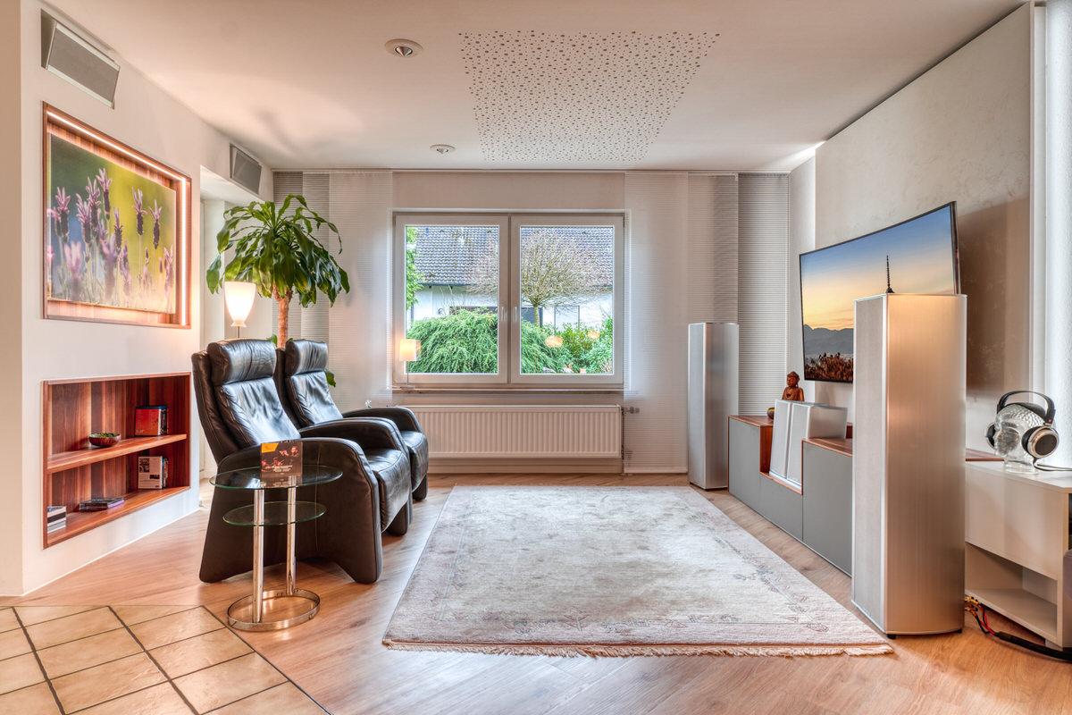 Ein Heimkino, eher unscheinbar im Wohnzimmer realisiert, aber mit herausragender technischer Umsetzung
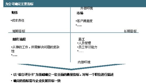 具體的步驟是運用平衡積分卡,結合關鍵成功因素所確定的一套全面的衡量指標,從四個方面進一步規范化描述職位的角色和定位,在明確職責的基礎上,描述清楚不同崗位所側重實現的角色和要達到的目的。
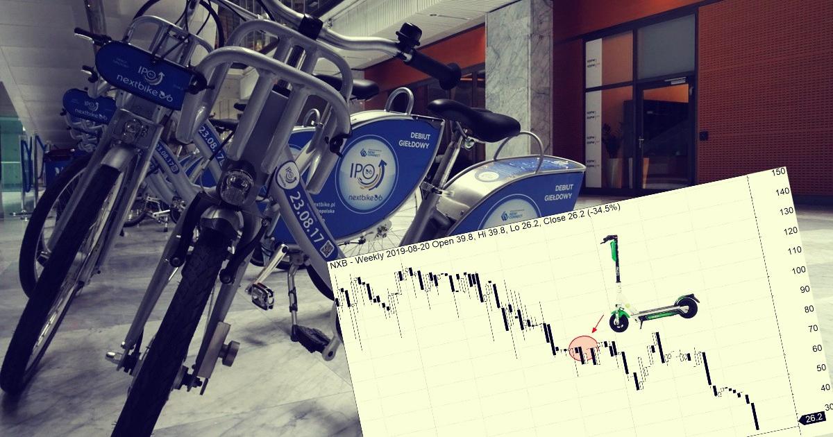 Spółka Nextbike - oferująca usługę roweru miejskiego - rozwija się dynamicznie, ale pokazuje słabe wyniki. Kurs jej akcji leci na łeb, na szyję. Wyceniana jeszcze w 2017 roku na 140 mln zł spółka dzisiaj jest warta zaledwie 28 mln zł. Przyczyn tego zjawiska jest jak zawsze kilka, ale główną może być pojawienie się w polskich miastach elektrycznych hulajnóg.
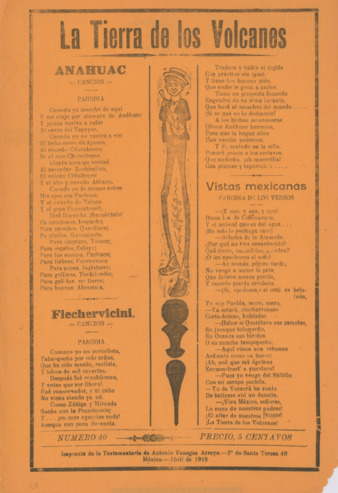 La tierra de los volcanes: Anáhuac: canción, parodia ; Flechervicini: canción, parodia ; Vistas mexicanas: parodia de los versos
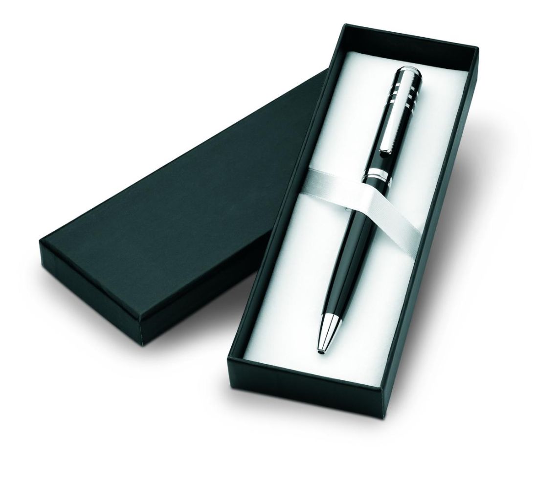 Bolígrafo metálico en acabado brillante. Se presenta en una caja de regalo de cartón. Tinta negra.
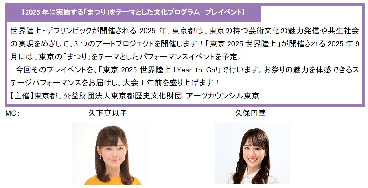 また、2025 年に実施する文化プログラムのプレイベントとして、「 まつ り 」の魅力を体感できるパフォーマンスで大会 1 年前を盛り上げます!

◇ ◇ ◇ ◇

Write out, with no pictures, only the lines from the line containing "La tierra de" through the last line of the listing above, exactly and with both ends included.

 La tierra de los volcanes: Anáhuac: canción, parodia ; Flechervicini: canción, parodia ; Vistas mexicanas: parodia de los versos
 Bolígrafo metálico en acabado brillante. Se presenta en una caja de regalo de cartón. Tinta negra.
 また、2025 年に実施する文化プログラムのプレイベントとして、「 まつ り 」の魅力を体感できるパフォーマンスで大会 1 年前を盛り上げます!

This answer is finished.